И уже простившись, двинул пассажир-начальник нечаянный по делам своим гибэдэдэшным, да остановился, обернулся, сдвинул убор головной на затылок, вернулся...
Рюкин же также замешкался – как-то ему спешить, должно быть, расхотелось. Он даже прикинул: не прикимарить ли минуток семь-восемь: и голова его поклёвывать начала к рулевой баранке... Лётчик знакомый ему рассказывал про себя, про свои выкрутасы: захочется подремать – не мешай организму, пусть передохнёт, перетопчется. Я даже в ястребке своём позволял себе расслабуху. Как? Обыкновенно. До места атаки десять минут, предположим, так? Ну вот. Ставишь на автопилот и адью – на боковину, что называется. Зато спросонья такого шороха настропалишь... Ты думаешь, чего они там шарахались от меня? Но всё ж семнадцать мерикак завалил, как не крути... Звезда золотая, во? Ну да, это самое. Так что спать не вредно...

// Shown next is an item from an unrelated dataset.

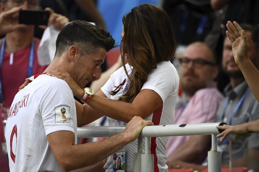 Anna Lewandowska a fine gara consola suo marito dopo la sconfitta nella gara d'esordio ai Mondiali contro il Senegal. Bellissimo e tenerissimo il momento immortalato sugli spalti: il campione polacco del Bayern Monaco riceve l'abbraccio e un affettuoso bacio dalla ragazza.
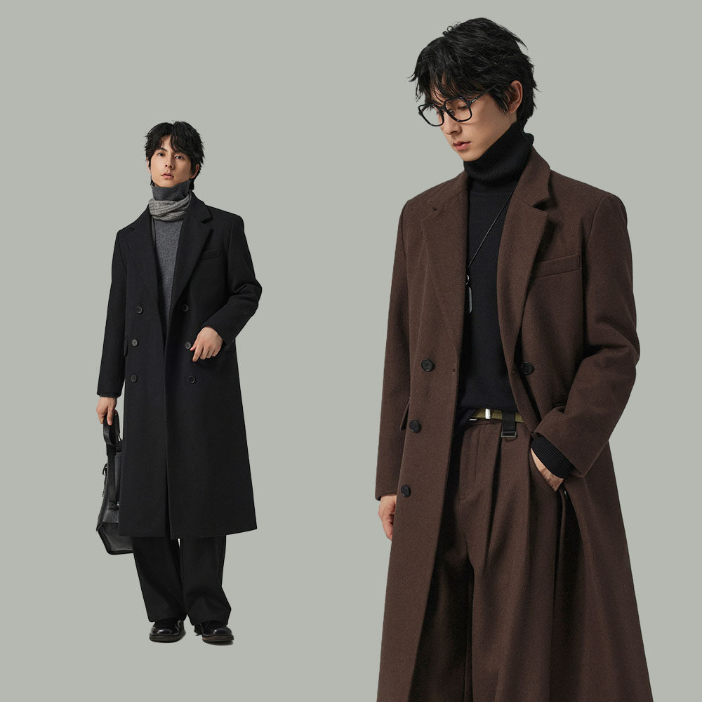 - 男毛呢加厚中长款外套

- Слышь, литератор, - отвлёк Степана нечаянный пассажир от лелеемой дрёмы. - Познакомиться забыл. - И протянул руку: - Фёдор. Игнатич, если угодно.
- А-а?! – очнулся Степан Игнатич: «Как бы не запутаться», - подумал. - Фу, напугал. – И пожал крепкую в своей основе ладонь, - Степан. Тож Игнатич.
- Ва, тёзки, считай. Пуганный нашёлся – что-то я на шоссе не зафиксировал подобного факта. В баньку не хошь с нами, Стёпа?
- В баньку? С вами? Это с кем?
- О, компашка достойна. Каждый расскажет штучку – закачаешься. Издашь... как его?.. Бетсервер...
- Бестселлер.
- Вот-вот. Издашь, говорю, и заменишь свою старушку, - и, усмехнувшись, пнул подлысевшее колесо.
- Когда?
- Да-к щас прям. Или что когда – машинку менять?
- Что, засветиться, нечаянный, хошь – в вечности? – не удержал в себе язву подозрения Рюкин. - Или только по млечному пути прошвырнуться решил?
 Нечаянный тёзка пошевелил губами, осваивая, очевидно, изыск словес литературных.
- А то.  Не исключено. Если, конечно, не врёшь... про образы свои...
- Не, анадысь тут бабуся надвое сказанула – то ли будет светлое будущее, типа нового реализма, то ли нет. Одному господу вестимо...
Так вот, невзначай, Рюкин Степан и попал в компашку, где ему и нарассказали всякой всячины начальники среднего звена... Типа: лапши навешали? Да, чего только не набуровили, в общем.
В баньке присутствовало почти всё разношёрстное районное руководство, как сказано только что... разве что мэра отсутствие омрачало. Степана Рюкина приняли чуть ли не в объятия – радушно и запанибрата. И  в процессе парения и потребления разнообразных напитков ему, повторим, и выложили на общий стол таких страстей, что сроду и не придумал бы самостоятельно... Не фантаст, наверно, потому что. Истории, от которых Степану Игнатьечу, уже давно не безопытному по жизни, становилось и щекотно, и не по себе, и даже стыло, чтоб не употреблять слова стыдно... Волосы на голове не шевелились, правда, однако не в этом прикол... Словом, ладно, человек он бывалый и перетерпел незаметно, а зевоту свою - от удивления и изумления одолевшую - прикрывал заслонкой ладони.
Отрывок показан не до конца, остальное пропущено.